I had my 3 sulcatas, Tonga, Juno, and Roxy out in the house for some exercise. While folding laundry, I can see the top of a rocking chair moving across the livingroom. Tonga took it upon himself the rearrange the furniture! I don't think he was happy that he couldn't get out. LOL


----------



## cvalda (Nov 18, 2007)

LOL that's so funny!!!


----------



## Crazy1 (Nov 18, 2007)

jlyoncc1, maybe he just wanted to spend some time rockin around the house (hee Hee).
cute pic.


----------



## jlyoncc1 (Nov 18, 2007)

I did have the radio on! LOL


----------



## Iluvemturts (Nov 18, 2007)

LOL that would have been funny to see...


----------



## wayne.bob (Nov 18, 2007)

thats one great tort. he does work. lol


----------



## Jacqui (Nov 19, 2007)

Next they will be moving the couch.  If only they could run a vacuum....


----------



## jlyoncc1 (Nov 19, 2007)

Jacqui, Maybe you are on to something. If I could just attach an artificial arm.........


----------



## Jacqui (Nov 19, 2007)

jlyoncc1 said:


> Jacqui, Maybe you are on to something. If I could just attach an artificial arm.........

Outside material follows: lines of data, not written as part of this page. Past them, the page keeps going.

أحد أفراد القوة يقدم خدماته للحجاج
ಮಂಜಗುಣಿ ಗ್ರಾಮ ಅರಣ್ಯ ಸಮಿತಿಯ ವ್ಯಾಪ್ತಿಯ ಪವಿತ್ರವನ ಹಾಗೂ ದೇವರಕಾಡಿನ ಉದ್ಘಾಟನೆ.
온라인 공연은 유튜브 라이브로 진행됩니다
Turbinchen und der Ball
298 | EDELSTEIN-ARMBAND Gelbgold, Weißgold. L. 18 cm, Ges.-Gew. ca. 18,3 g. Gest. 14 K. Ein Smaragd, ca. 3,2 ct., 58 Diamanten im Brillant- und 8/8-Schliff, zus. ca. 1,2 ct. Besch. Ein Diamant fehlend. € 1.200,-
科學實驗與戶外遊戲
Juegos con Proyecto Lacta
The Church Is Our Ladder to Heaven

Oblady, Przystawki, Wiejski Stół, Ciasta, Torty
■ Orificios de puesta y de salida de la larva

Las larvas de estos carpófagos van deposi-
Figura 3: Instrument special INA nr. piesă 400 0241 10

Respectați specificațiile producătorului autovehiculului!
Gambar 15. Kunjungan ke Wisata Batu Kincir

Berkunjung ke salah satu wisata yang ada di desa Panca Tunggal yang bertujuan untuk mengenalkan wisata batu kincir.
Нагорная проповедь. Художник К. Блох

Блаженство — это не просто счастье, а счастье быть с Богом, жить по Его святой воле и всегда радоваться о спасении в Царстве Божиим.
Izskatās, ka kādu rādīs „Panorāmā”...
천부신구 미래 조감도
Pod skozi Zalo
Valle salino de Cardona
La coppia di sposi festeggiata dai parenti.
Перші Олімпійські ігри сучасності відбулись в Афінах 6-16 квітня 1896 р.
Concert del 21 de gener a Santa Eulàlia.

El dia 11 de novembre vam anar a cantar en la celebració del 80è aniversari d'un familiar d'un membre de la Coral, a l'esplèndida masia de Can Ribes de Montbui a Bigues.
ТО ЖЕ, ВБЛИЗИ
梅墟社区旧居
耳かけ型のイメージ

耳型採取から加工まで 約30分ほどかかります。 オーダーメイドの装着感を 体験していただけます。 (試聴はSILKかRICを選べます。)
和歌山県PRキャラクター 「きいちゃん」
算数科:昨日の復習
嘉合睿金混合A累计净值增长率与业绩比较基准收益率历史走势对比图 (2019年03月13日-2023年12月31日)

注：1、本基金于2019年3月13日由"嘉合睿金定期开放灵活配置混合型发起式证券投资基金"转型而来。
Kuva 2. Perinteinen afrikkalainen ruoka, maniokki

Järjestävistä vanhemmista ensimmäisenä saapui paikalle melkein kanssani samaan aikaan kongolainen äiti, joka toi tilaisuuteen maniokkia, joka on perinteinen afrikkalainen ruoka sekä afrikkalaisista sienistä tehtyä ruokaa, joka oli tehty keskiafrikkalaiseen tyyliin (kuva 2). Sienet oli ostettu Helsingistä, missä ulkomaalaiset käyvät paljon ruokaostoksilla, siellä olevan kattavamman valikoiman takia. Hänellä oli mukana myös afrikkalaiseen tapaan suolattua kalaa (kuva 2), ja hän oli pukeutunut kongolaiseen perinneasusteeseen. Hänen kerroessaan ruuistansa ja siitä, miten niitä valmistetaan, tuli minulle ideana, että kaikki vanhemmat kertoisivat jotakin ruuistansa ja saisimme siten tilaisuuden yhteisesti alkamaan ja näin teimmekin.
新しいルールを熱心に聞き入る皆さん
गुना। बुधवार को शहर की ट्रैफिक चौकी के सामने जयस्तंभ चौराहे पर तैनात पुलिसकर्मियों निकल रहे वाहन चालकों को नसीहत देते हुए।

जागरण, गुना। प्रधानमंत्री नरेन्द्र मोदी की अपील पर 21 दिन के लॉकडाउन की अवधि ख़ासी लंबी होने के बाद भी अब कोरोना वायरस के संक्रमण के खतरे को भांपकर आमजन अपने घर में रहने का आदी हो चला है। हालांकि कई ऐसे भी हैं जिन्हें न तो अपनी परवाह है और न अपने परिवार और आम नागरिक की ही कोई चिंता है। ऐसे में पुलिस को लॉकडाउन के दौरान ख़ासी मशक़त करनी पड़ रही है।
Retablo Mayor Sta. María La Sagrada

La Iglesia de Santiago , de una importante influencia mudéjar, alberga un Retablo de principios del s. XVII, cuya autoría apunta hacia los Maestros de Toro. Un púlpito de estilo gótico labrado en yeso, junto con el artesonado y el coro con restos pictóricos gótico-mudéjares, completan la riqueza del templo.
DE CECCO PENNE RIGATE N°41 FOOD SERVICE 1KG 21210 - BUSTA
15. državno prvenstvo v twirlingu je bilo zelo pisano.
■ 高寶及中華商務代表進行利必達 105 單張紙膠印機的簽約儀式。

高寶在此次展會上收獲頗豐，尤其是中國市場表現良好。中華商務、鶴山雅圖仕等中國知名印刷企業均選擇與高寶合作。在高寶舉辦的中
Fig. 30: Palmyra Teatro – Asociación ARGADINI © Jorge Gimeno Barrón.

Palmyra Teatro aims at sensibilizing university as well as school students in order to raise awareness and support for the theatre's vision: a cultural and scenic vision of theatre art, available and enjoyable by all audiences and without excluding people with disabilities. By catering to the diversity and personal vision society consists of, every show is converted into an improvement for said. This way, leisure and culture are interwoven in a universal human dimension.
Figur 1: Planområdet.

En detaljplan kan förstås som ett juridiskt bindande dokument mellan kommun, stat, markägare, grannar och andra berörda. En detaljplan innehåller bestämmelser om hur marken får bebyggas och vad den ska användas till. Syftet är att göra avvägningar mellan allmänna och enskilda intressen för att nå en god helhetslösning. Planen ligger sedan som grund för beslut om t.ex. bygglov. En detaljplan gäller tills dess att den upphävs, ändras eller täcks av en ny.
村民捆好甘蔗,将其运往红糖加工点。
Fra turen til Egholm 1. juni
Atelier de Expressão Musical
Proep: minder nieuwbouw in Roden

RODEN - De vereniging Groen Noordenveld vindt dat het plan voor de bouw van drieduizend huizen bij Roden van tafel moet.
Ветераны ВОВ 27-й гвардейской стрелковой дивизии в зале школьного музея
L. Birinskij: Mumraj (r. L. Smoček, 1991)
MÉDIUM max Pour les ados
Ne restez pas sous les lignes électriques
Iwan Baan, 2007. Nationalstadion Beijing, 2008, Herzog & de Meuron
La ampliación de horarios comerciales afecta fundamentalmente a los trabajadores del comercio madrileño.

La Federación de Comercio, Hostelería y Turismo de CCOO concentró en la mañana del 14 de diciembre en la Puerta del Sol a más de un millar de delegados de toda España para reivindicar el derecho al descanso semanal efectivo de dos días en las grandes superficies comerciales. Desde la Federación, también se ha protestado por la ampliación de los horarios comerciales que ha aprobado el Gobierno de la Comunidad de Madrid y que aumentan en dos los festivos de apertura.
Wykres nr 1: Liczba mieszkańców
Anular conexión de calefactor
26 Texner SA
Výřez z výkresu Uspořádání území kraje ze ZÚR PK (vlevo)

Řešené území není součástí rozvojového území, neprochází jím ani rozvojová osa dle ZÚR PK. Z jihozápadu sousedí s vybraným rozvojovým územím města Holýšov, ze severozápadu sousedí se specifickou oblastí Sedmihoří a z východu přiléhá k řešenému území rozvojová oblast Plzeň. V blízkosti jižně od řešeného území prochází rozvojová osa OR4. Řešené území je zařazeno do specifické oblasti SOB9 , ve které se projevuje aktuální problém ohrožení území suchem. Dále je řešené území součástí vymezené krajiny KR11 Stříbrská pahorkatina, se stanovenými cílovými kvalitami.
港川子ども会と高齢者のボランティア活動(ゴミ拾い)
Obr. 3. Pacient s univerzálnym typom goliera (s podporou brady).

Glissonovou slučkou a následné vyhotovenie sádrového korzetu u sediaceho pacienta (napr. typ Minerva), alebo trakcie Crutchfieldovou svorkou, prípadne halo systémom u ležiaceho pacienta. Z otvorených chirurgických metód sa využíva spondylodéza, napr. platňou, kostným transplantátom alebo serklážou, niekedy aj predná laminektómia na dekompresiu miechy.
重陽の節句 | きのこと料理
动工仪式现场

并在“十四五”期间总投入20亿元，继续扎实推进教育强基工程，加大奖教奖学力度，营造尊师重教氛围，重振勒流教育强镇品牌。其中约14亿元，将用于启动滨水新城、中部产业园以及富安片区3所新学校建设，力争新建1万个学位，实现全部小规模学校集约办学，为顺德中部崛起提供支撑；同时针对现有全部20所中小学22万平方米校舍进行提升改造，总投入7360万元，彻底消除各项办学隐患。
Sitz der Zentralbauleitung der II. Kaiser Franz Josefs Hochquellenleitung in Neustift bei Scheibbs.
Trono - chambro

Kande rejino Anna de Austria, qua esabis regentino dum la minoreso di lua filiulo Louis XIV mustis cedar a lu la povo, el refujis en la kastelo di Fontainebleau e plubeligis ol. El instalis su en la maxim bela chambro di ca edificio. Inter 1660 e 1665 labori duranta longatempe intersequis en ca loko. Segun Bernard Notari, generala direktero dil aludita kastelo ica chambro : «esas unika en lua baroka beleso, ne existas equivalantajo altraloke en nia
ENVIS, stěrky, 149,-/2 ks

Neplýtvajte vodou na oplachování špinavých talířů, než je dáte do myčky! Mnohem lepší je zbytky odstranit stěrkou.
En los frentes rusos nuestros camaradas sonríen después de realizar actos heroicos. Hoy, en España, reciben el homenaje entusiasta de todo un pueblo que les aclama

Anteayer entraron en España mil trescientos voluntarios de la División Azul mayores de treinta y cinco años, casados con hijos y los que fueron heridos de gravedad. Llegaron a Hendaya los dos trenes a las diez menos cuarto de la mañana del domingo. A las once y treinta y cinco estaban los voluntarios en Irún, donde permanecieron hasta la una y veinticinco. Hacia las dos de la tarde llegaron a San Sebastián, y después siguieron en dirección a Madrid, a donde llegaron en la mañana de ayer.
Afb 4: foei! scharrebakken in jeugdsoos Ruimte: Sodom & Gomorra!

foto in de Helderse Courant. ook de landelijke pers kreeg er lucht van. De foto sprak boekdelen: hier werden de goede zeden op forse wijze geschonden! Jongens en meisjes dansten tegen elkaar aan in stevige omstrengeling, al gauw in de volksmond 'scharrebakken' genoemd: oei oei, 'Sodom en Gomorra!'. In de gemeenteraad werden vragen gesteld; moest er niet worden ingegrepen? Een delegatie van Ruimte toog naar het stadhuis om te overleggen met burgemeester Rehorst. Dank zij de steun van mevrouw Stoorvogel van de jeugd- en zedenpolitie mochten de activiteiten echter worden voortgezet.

...or on the smooth floors hook a moppy thing behind them. Or maybe on their shell tops put a dust cloth? Make them torts earn their greens!


----------



## TKCARDANDCOIN (Dec 14, 2007)

jlyoncc1 said:


> I had my 3 sulcatas, Tonga, Juno, and Roxy out in the house for some exercise. While folding laundry, I can see the top of a rocking chair moving across the livingroom. Tonga took it upon himself the rearrange the furniture! I don't think he was happy that he couldn't get out. LOL
> 
> LOVE THE PICTURE OF YOUR SULCATA!HOW OLD IS HE?I HAVE ONE THAT IS THREE YEARS OLD.THANKS,TOM.


----------



## jlyoncc1 (Dec 15, 2007)

Tom, All three of my sulcatas are 3 also. The one in the picture, Tonga, is the largest. Glad you enjoyed the picture!


----------